All Brzo-companies are required to draw up a major-accident prevention policy ('MAPP') under section 7, subsection 1 of the Brzo. This MAPP needs to include the company's overall aims and principles of action, the role and responsibility of management, as well as the commitment towards continuously improving the control of major-accident hazards and ensuring a high level of protection.
In addition, upper-tier establishments are required (section 10, subsection 1 Brzo) to prepare a safety report ('SR') and ensure that this SR reflects current safety arrangements and is available within the establishment.
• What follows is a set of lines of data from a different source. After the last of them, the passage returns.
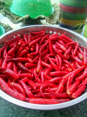 辣椒洗好晾干,一定不带生水的。可选辣的辣椒,也可不太辣的,市场有多种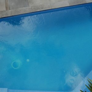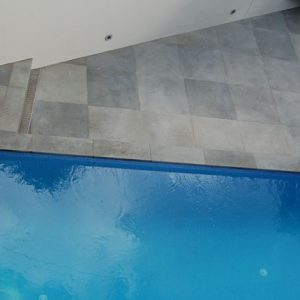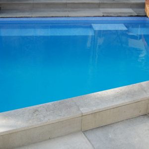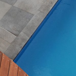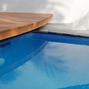 Our aim was to bring warmth and comfort to the space with a contemporary style. The curved hardwood timber deck flows from inside the house and then sits, floating above the pool. Stunning Bluestone pavers were chosen for the coping and paved areas, providing a modern finish that also complemented the timber and blue mosaic tiles of the pool’s interior.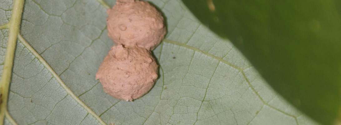 Two tiny jugs made of mud, side-by-side on a Magnolia grandiflora leaf.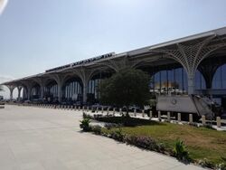 Medina is served by the Prince Mohammad bin Abdulaziz International Airport located off Highway 340. It handles domestic flights, while it has scheduled international services to regional destinations in the Middle East. It is the fourth-busiest airport in Saudi Arabia, handling 8,144,790 passengers in 2018.[67] The airport project was announced as the world's best by Engineering News-Record's 3rd Annual Global Best Projects Competition held on 10 September 2015.[68][69] The airport also received the first Leadership in Energy and Environmental Design (LEED) Gold certificate in the MENA region.[70] The airport receives higher numbers of passengers during the Hajj.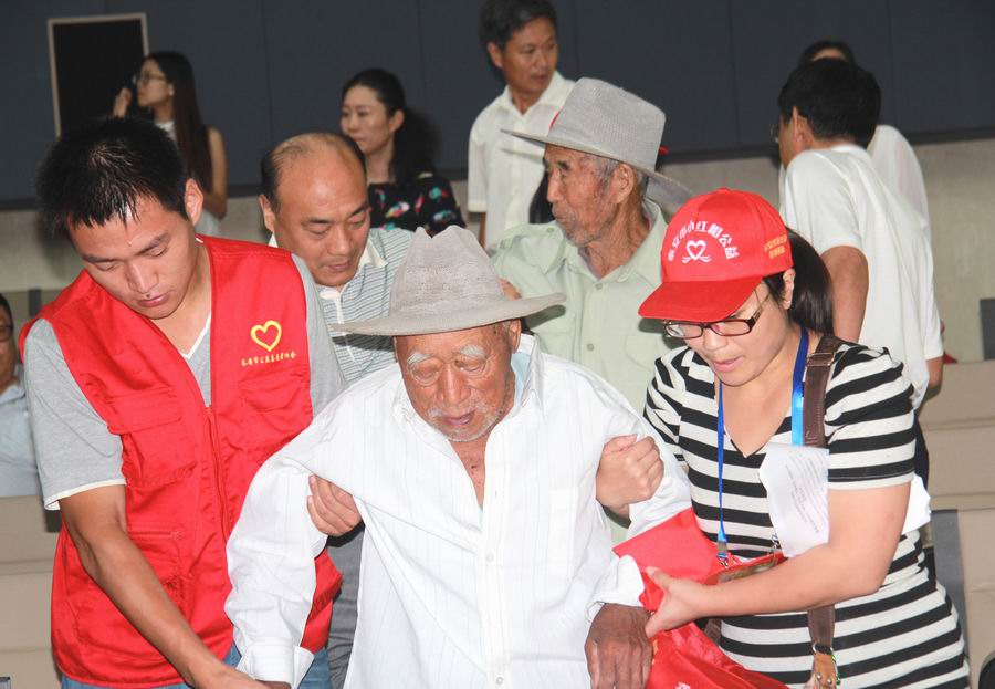 志愿者攙扶抗戰(zhàn)老兵進(jìn)入會(huì)場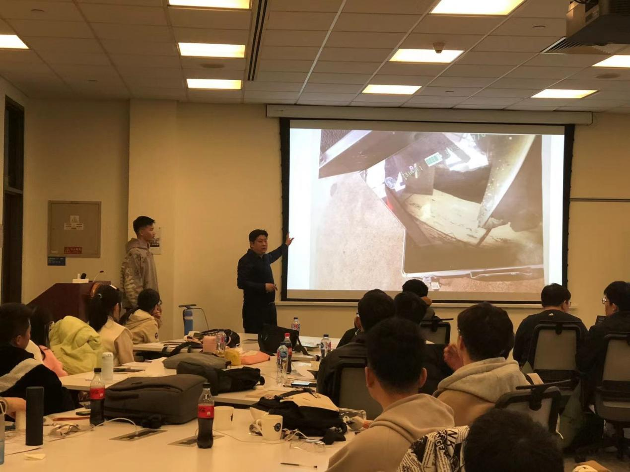 在企业实习实践项目开展中,学生开展了普惠最新型号发动机PW1100G的系统熟悉,对照发动机车间的真实发动机开展了系统识别,结合实际案例对发动机机队管理中涉及的发动机状态监控、性能分析、成本分析、大修计划等进行系统方案设计。开展了V2500发动机部件拆装、PW4000系列发动机系统校装、发动机孔探检查与损伤分析等实际操作项目,拓宽了学生的知识面,使学生在安全的环境下认识了民航维修中的实际工作。本次实习的考核环节设计了贯穿全程的分组实践项目,在实习开始布置了分组任务,在实习过程中引入任务必要知识,引导学生自主学习,学生分组研究任务内容的解决方法,并利用空余时间完成小组任务,不仅将实习中所学的专业知识应用于小组任务,也必须考虑涉工程实际中的时间、成本、库存等非技术因素,使学生解决复杂工程问题的能力得到了提升。在实习的最后一天各小组做了详细的任务报告,实习单位教员在对学生的工作成果给予充分肯定的同时也指出了改进的方向。实习学生代表王景风通过短视频的方式展现了一周实习的感受,实习学生班长沈维峰说:“在这一周充实、精彩的实习中充分感受了民航企业安全、规范、高效等企业文化,对民航发动机维修工程产生了浓厚的兴趣,未来将向着更高的目标迈进。” 发动机系主任曲春刚、实习学生班导师张莹、实习课程负责人王炫出席并观摩了各小组的报告。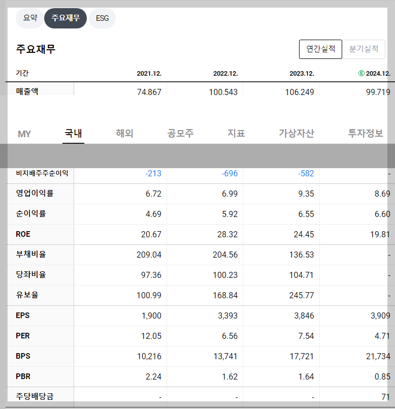 - PBR(주가순자산비율): 1.17 (2020년 기준)
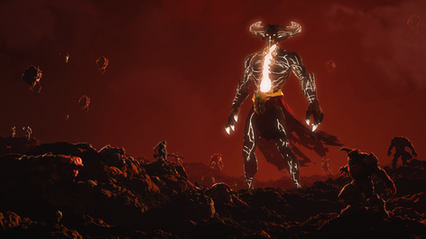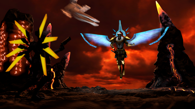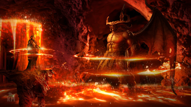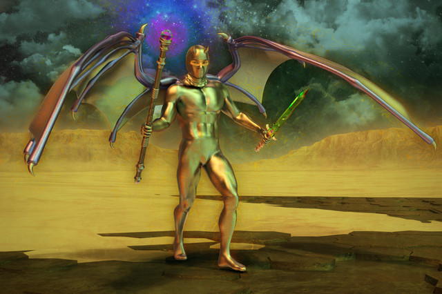 Figures and rock in DAZ Studio. Background in Vue. Ron's Sparks for debris.

For the list of data and information that this report must contain, the Brzo refers to Annex 2 of Seveso III. Furthermore, upper-tier establishments are required to have an internal emergency plan and an updated inventory of all the existing dangerous substances.
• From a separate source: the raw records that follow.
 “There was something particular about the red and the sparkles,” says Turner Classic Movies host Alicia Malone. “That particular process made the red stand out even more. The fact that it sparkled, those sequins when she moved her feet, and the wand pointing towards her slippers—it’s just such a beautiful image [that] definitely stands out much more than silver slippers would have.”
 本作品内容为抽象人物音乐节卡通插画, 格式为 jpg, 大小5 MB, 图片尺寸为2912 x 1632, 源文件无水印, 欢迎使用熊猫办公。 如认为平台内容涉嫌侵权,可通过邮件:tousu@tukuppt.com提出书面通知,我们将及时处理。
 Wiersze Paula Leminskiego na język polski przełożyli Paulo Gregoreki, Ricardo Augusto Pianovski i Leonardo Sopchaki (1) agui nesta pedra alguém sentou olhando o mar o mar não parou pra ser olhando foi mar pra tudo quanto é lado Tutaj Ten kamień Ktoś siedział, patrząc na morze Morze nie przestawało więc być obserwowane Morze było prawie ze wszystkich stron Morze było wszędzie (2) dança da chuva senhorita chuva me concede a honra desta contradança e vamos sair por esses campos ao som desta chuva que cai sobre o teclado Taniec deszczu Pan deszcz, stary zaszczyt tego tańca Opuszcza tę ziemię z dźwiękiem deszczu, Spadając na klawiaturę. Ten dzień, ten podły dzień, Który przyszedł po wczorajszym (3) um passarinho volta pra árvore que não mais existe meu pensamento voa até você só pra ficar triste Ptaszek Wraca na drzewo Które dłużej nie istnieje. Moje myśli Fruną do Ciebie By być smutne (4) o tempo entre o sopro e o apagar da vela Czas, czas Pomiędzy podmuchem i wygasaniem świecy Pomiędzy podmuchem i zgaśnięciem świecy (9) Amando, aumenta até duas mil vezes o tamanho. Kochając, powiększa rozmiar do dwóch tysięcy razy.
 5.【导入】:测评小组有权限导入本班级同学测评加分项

Further particulars when constructing, changing or operating a Brzo-company
When a company falls under the scope of the Brzo, it will inherently be required to have an integrated project permit granting permission to construct, change or operate an establishment. This is separately regulated by Annex I, part B of the Environmental Permitting Decree ('Bor'). For a general overview of when an integrated project permit granting an environmental permission is required, please read the FAQ 'When do you need an environmental permit for an establishment?'. The Provincial Executive, rather than the Municipal Executive, is the competent authority when it concerns Brzo-companies (under section 3.3 Bor). The designated 'Brzo-environment agency' is responsible carrying out tasks such as preparing the decision granting a permit and monitoring enforcement. See the blogpost 'Wijziging Besluit omgevingsrecht: wetgevingstraject VTH afgerond' (only available in Dutch) for further information.
On top of the regular requirements imposed on an establishment when applying for a permit, the Environmental permitting regulation ('Mor') includes additional requirements for lower- or higher-tier Brzo-establishments. These additional requirements are contained in section 4.13 Mor for the construction of an establishment and in section 4.18 Mor for the changing of an establishment.
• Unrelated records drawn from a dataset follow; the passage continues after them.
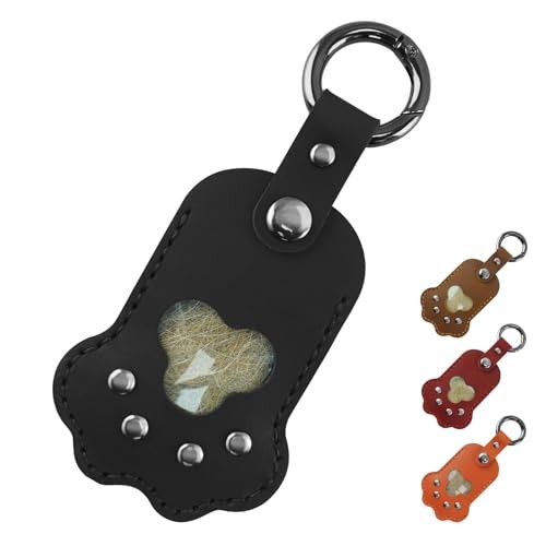 Pet Memorial Keychain, Leather Paw Shape Fur Photo Holder, Handmade Black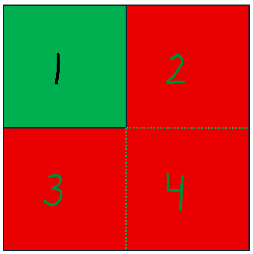 「说得对,卢卡斯!」西奥说。「计算比例需要运用数学。我们从四项测量数据开始:黄、蓝、红、绿四色正方形的边长。若换算面积也行。接着将四组数据分成两组:黄蓝组与红绿组。然后专注观察单组数据——我们看黄蓝组。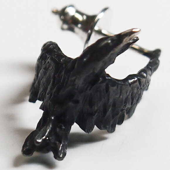 耳にしがみつくようなカラスがとってもキュート!しかしクワっと開いた口ばしや、無骨かつ艶やかな翼の質感などには迫力が込められ、ダークな印象もあり…。

Who is the supervisory authority?
The Brzo is enforced by different supervisory authorities, namely the competent environment agency, the Inspectorate SZW (social affairs and employment), the security region involved and the water authority. If a supervisory authority discovers a breach of the Brzo, it can take enforcement action against a company through, for example, administrative orders to comply, an order subject to a penalty for non-compliance or enforcing an administrative order, an administrative fine or a (temporary) shutdown of the company. The specific powers assigned vary per supervisory authority.
Summary of key points
Whether a company falls under the scope of the Brzo can be determined by reading the Brzo in conjunction with the Seveso III Directive. Because the new Seveso III Directive has been formulated in line with the CLP-regulation, it is possible that companies that did not previously qualify, now fall under the scope of the Brzo or are considered an upper-tier establishment. The Mor includes additional requirements when applying for a permit to construct, change or operate a Brzo-establishment. Also after a permit has been granted, companies that fall under the Brzo are still subject to a number of (additional) requirements. Multiple supervisory authorities with varying powers are in charge of monitoring the compliance of Brzo-companies with the Brzo.